Omit the pictures from the listing below and print every remaining entry verbatim.
════
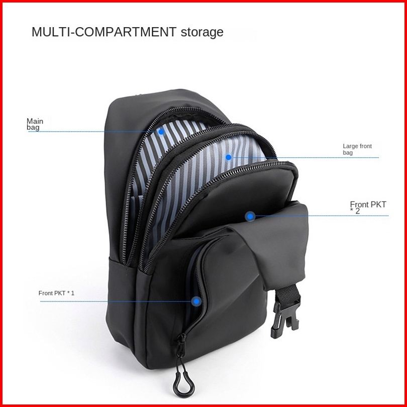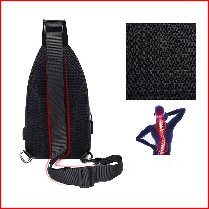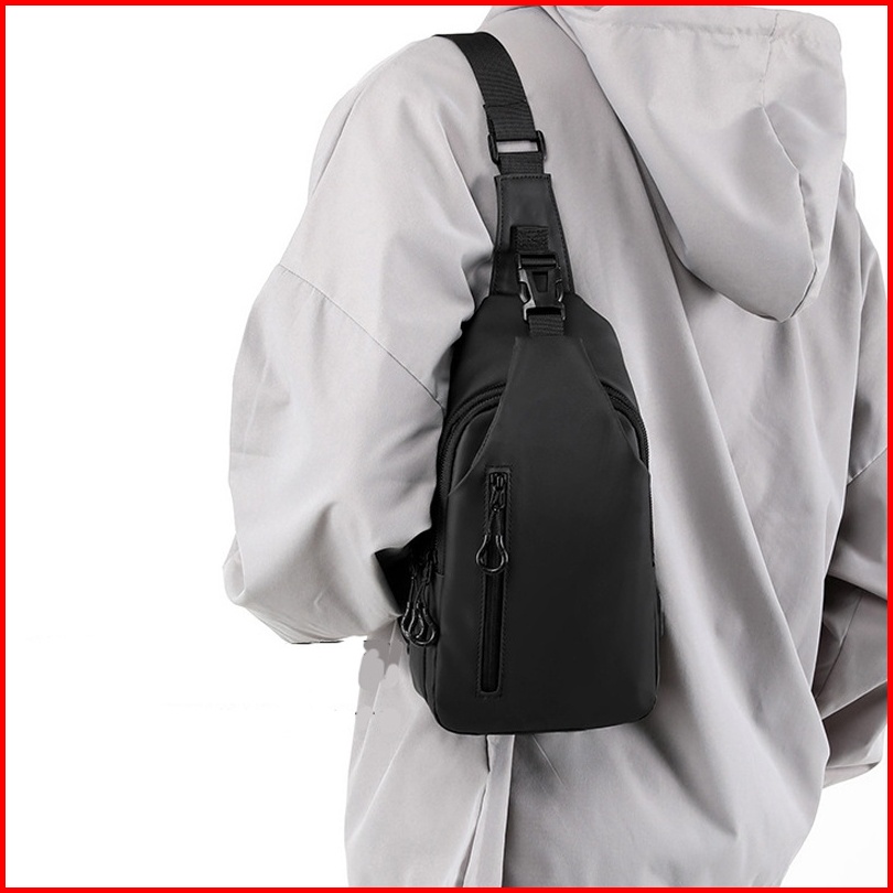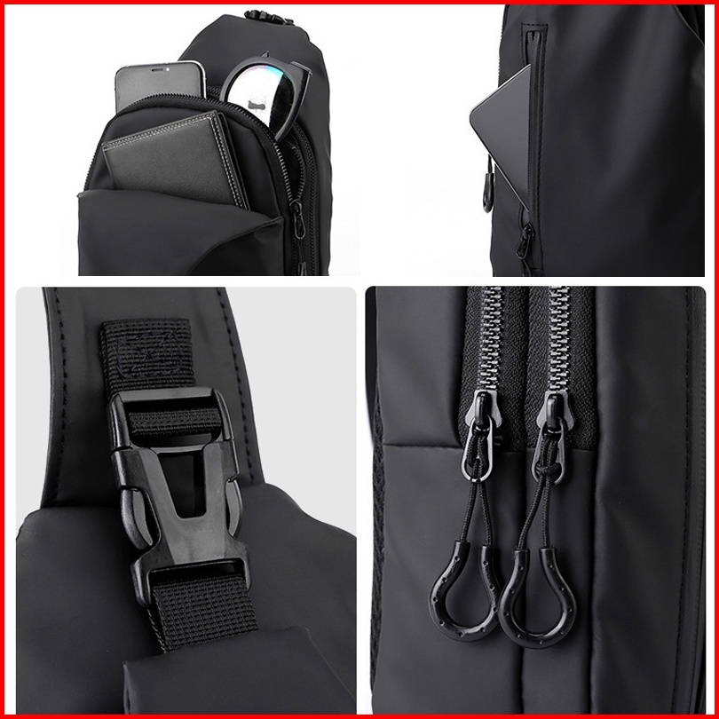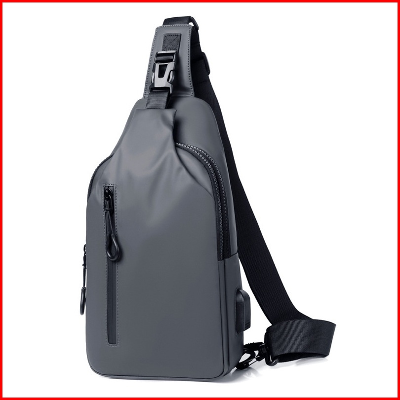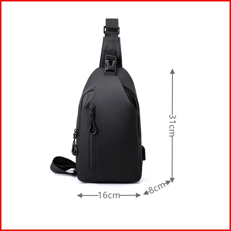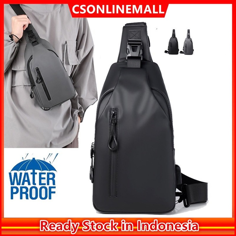 Csonlinemall Tas Selempang Pria Bahan Nilon Usb Charge Tas Dada Sling Bag Waterproof
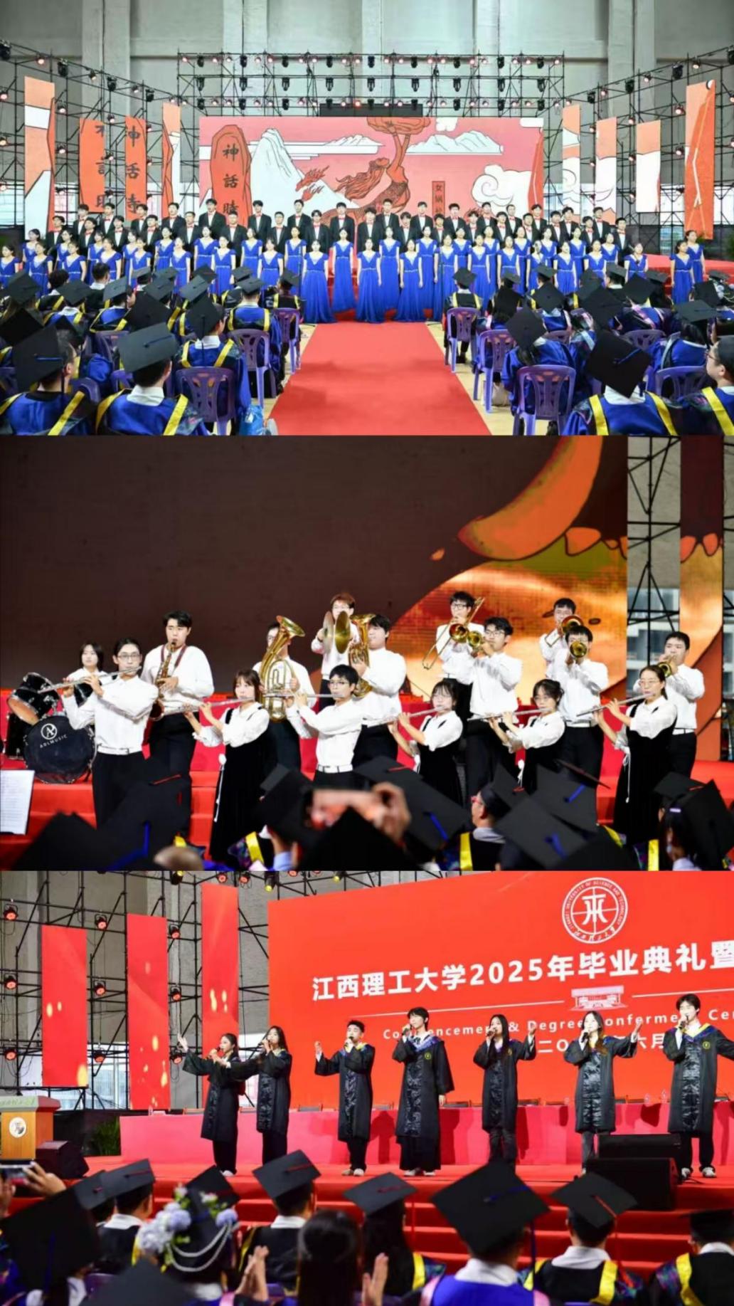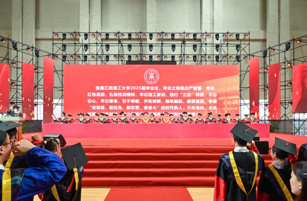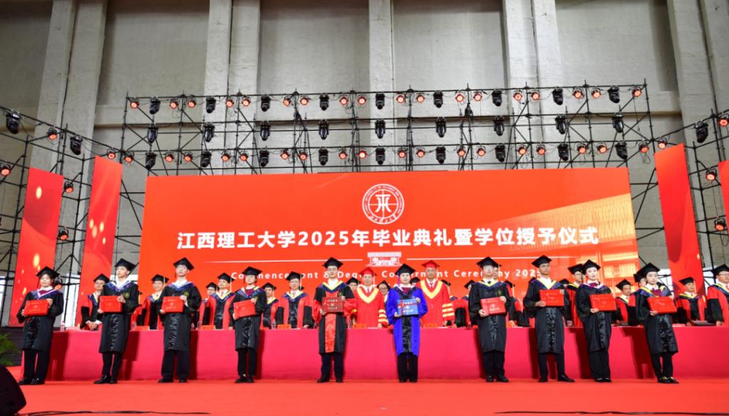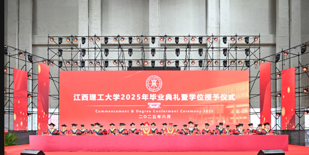 2025年毕业典礼暨学位授予仪式在赣州三江校区主会场、南昌校区分会场以及线上网络直播的方式举行。在家校领导杨斌、葛世荣、徐志峰、廖春发、黄志繁、董冰岩、熊志华、刘飞、汪航及各学院和相关职能部门负责人、教师代表、毕业生代表、在校生代表和家长代表分别在赣州、南昌两地出席毕业典礼。典礼由校党委常委、副校长熊志华主持。
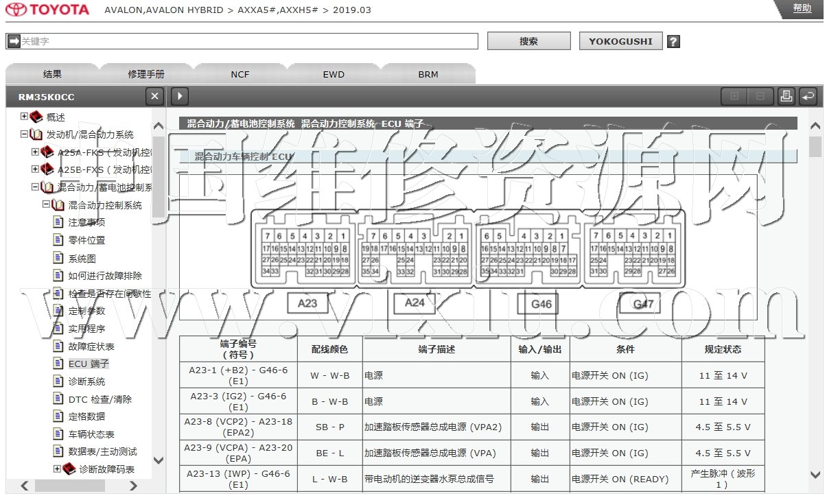 2019款丰田亚洲龙HEV油电混动汽车维修手册带电路图资料
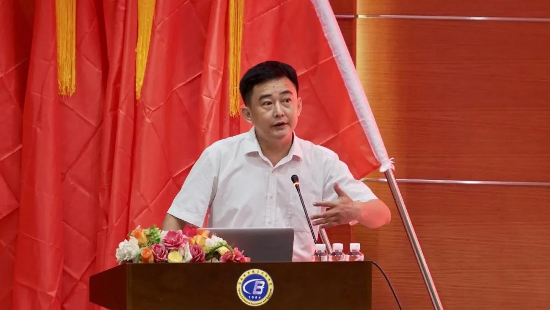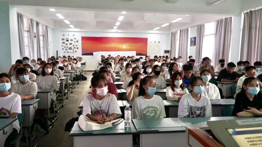 2021年9月13日,388vip太阳集团于经贸宾馆学术报告厅举行2021级新生开学典礼。公司经理吉家文、党总支书记符胜、党总支副书记刘萍男、副经理王晓明、副经理陈松及全院教职工出席本次开学典礼。应疫情防控工作的需要,今年公司首次通过网络直播的方式报道开学典礼现场。2021级的545名新生在主会场和11个视频直播分会场共同参加了这场特殊的开学典礼。
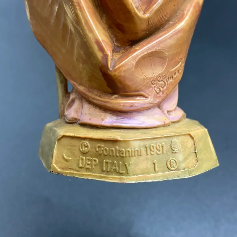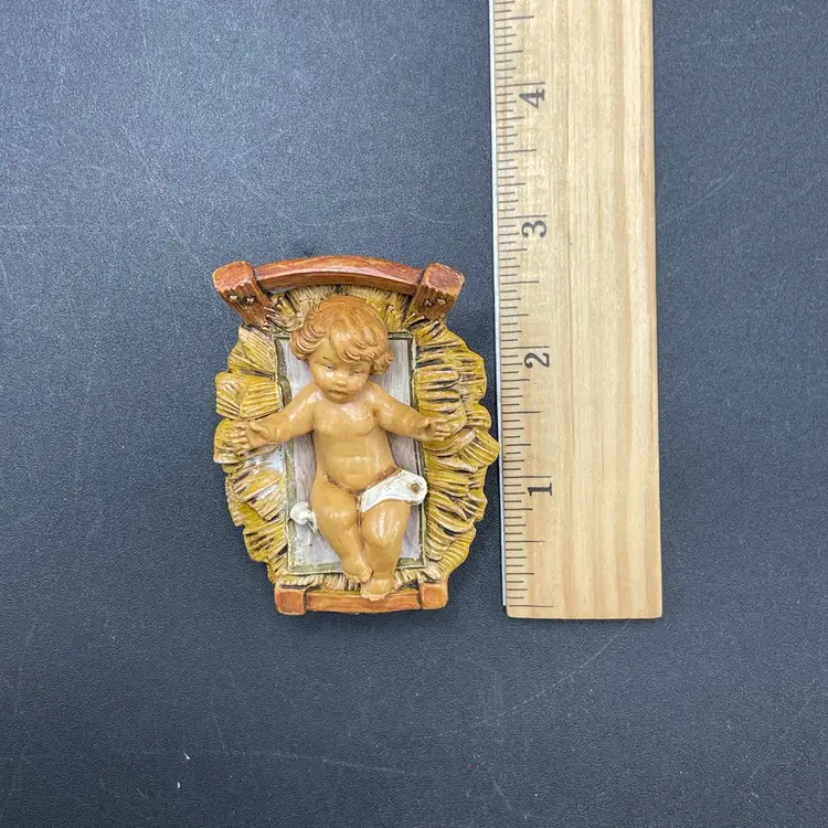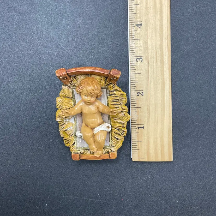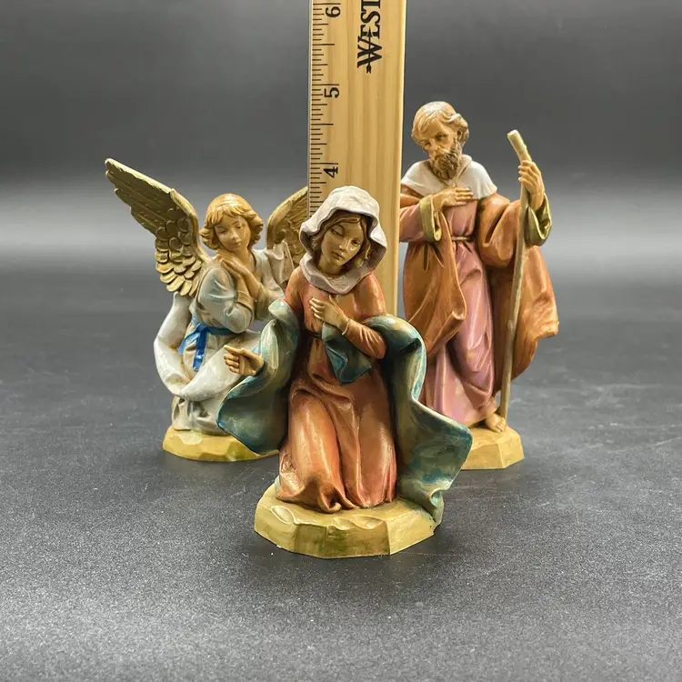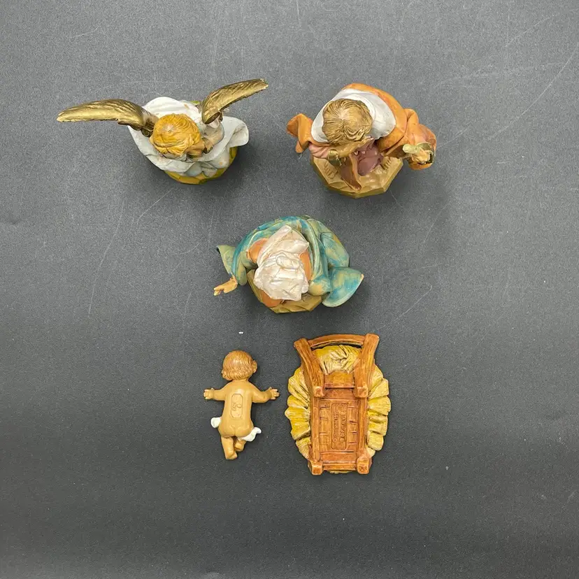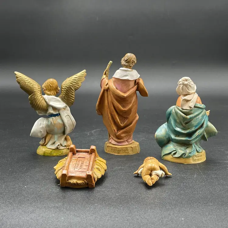 This is a set of 5 vintage 1991 Fontanini Depose Italy nativity set. It includes Mary, Joseph, baby Jesus and crib, and the holy angel. Each piece is marked. Joseph measures approximately 4.5" tall. Mary is approximately 4" tall. Baby Jesus is approximately 2.5" long. The angel is approximately 4" tall. No box. No major flaws.
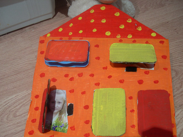Nameliui pagaminti reikia dėžės (galima suklijuoti du lakštus, kad būtų tvirčiau), lipukų, karštų ar kt. stiprių klijų, šeimos nuotraukų. Siūlyčiau pagaminti daugiau durelių, įtraukiant močiutę, senelį, naminį gyvūnėlį. Dureles galima panaudoti ir nuo drėgnų servetėlių.
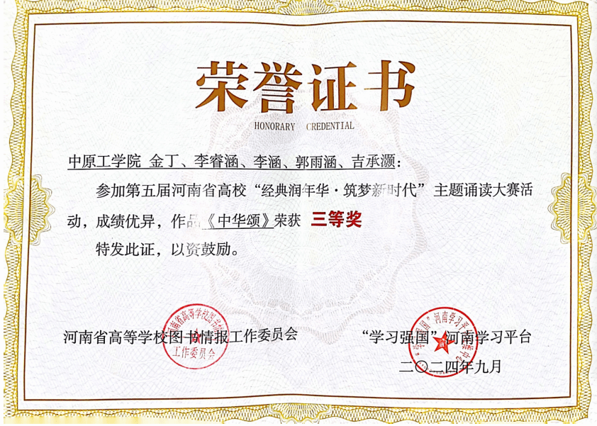近日,第五届河南省高校“经典润年华·筑梦新时代”主题诵读大赛结果出炉,十大电子官网汉语国际教育专业金丁、李睿涵、李涵、郭雨涵、吉承灏录制的朗诵作品《中华颂》荣获本科生组三等奖。
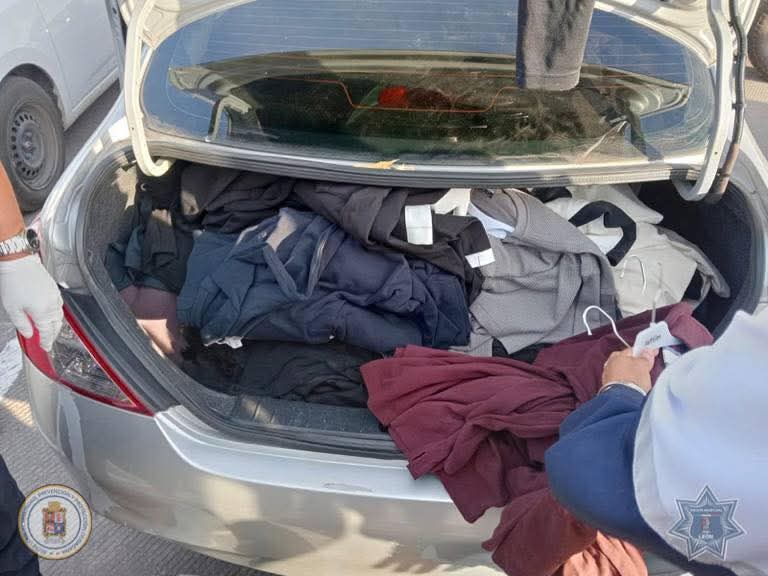 La sorpresa aumentó cuando, tras investigaciones, se ubicó un Nissan Versa gris en el que viajaban las implicadas, donde dentro del vehículo localizaron más de 200 prendas, todas reconocidas por la parte afectada.
════
Exercise result:
 Csonlinemall Tas Selempang Pria Bahan Nilon Usb Charge Tas Dada Sling Bag Waterproof
 2025年毕业典礼暨学位授予仪式在赣州三江校区主会场、南昌校区分会场以及线上网络直播的方式举行。在家校领导杨斌、葛世荣、徐志峰、廖春发、黄志繁、董冰岩、熊志华、刘飞、汪航及各学院和相关职能部门负责人、教师代表、毕业生代表、在校生代表和家长代表分别在赣州、南昌两地出席毕业典礼。典礼由校党委常委、副校长熊志华主持。
 2019款丰田亚洲龙HEV油电混动汽车维修手册带电路图资料
 2021年9月13日,388vip太阳集团于经贸宾馆学术报告厅举行2021级新生开学典礼。公司经理吉家文、党总支书记符胜、党总支副书记刘萍男、副经理王晓明、副经理陈松及全院教职工出席本次开学典礼。应疫情防控工作的需要,今年公司首次通过网络直播的方式报道开学典礼现场。2021级的545名新生在主会场和11个视频直播分会场共同参加了这场特殊的开学典礼。
 This is a set of 5 vintage 1991 Fontanini Depose Italy nativity set. It includes Mary, Joseph, baby Jesus and crib, and the holy angel. Each piece is marked. Joseph measures approximately 4.5" tall. Mary is approximately 4" tall. Baby Jesus is approximately 2.5" long. The angel is approximately 4" tall. No box. No major flaws.
Nameliui pagaminti reikia dėžės (galima suklijuoti du lakštus, kad būtų tvirčiau), lipukų, karštų ar kt. stiprių klijų, šeimos nuotraukų. Siūlyčiau pagaminti daugiau durelių, įtraukiant močiutę, senelį, naminį gyvūnėlį. Dureles galima panaudoti ir nuo drėgnų servetėlių.
近日,第五届河南省高校“经典润年华·筑梦新时代”主题诵读大赛结果出炉,十大电子官网汉语国际教育专业金丁、李睿涵、李涵、郭雨涵、吉承灏录制的朗诵作品《中华颂》荣获本科生组三等奖。
 La sorpresa aumentó cuando, tras investigaciones, se ubicó un Nissan Versa gris en el que viajaban las implicadas, donde dentro del vehículo localizaron más de 200 prendas, todas reconocidas por la parte afectada.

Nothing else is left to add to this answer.